2.4. Labeling rat brain tissue sections and protoplasts using photoaffinity probes

Frozen sections of the rat hippocampus were kindly provided by Professor Xiao-Dong Li of Wuhan University. The frozen sections were incubated with 1 μM probeR or probeC in phosphate-buffered saline (PBS) for 30 min at 37 °C and then irradiated under an ultraviolet (UV) lamp (365 nm) for 15 min at room temperature (RT). After two washes with PBS, the sections were observed under an Olympus FV1000 microscope at RT.The collected pollen and mesophyll protoplasts were incubated with 1 μM of the same probes in the basic solution (protoplast isolation medium without the enzyme) for 1 h at 25 °C, in darkness. Then, they were irradiated by UV (365 nm) for 10 min at RT. After two washes with the basic solution, the protoplasts were observed under a microscope at RT.

2.5. Determination of total protein content

First, 10-40 g of fresh Arabidopsis tissues (including leaf and flower tissue) were ground into a powder and transferred into an 10-mL tube containing ice-cooled protein extraction buffer (10 mM MES, 100 mM MgCl2, 2 mM EGTA, 2 mM 1,4-dithiothreitol, 1 mM phenylmethylsulfonyl fluoride, 0.5% (v/v) Triton X-100 and 1× protein inhibitor cocktail [Complete™; Roche]). The sample was extracted for 3 h on ice, and then the homogenate was centrifuged for 15 min at 15,000 × g. The supernatant was transferred into a new tube and centrifuged again at 100,000 × g for 30 min. Finally, the supernatant was collected, and the extract was condensed using Amicon Ultra filters (Millipore). The protein concentration of the condensed extract was determined using a Bio-Rad Protein Assay Kit based on the Bradford method. To maintain the native protein form throughout the experiment, the protein extracts were kept at 0-4 °C and no ionic detergents were added.

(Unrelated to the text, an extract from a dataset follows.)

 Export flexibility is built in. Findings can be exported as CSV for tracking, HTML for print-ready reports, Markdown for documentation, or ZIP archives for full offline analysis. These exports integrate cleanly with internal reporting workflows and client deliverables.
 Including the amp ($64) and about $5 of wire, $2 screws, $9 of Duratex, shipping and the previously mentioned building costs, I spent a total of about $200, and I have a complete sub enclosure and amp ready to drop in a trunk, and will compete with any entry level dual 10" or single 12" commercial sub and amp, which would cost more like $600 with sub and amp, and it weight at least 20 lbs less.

2.6. The synthesis of GABA linked affinity magnetic beads

The SiMAG-Carboxyl (0.5 µm ϕ, Chemicell. Prod. No. 1402) particles were washed twice with 1 M MES buffer using a magnetic separator (Promega). After the second wash, the magnetic particles were resuspended in MES buffer containing 10 mg EDC (Thermo Fisher). Subsequently, only freshly prepared EDC was added to the particles, followed by mixing on a shaker for 10 min at RT. After this step, the EDC solution was removed and replaced by prepared NHS (Thermo Fisher), followed by fully mixing on a shaker and reaction at RT for 30 min. Then, the NHS was removed and an amine group containing ligand GABA (10 mg dissolved in double distilled water) was added to the activated particles and mixed on a shaker for 2-3 h at RT. Next, the particles were resuspended in blocking buffer (10 mm hydroxylamine [Thermo Fisher]), shaken, and reacted for 10 min at RT to terminate the reaction. Finally, the particles were resuspended in PBS for storage and later use.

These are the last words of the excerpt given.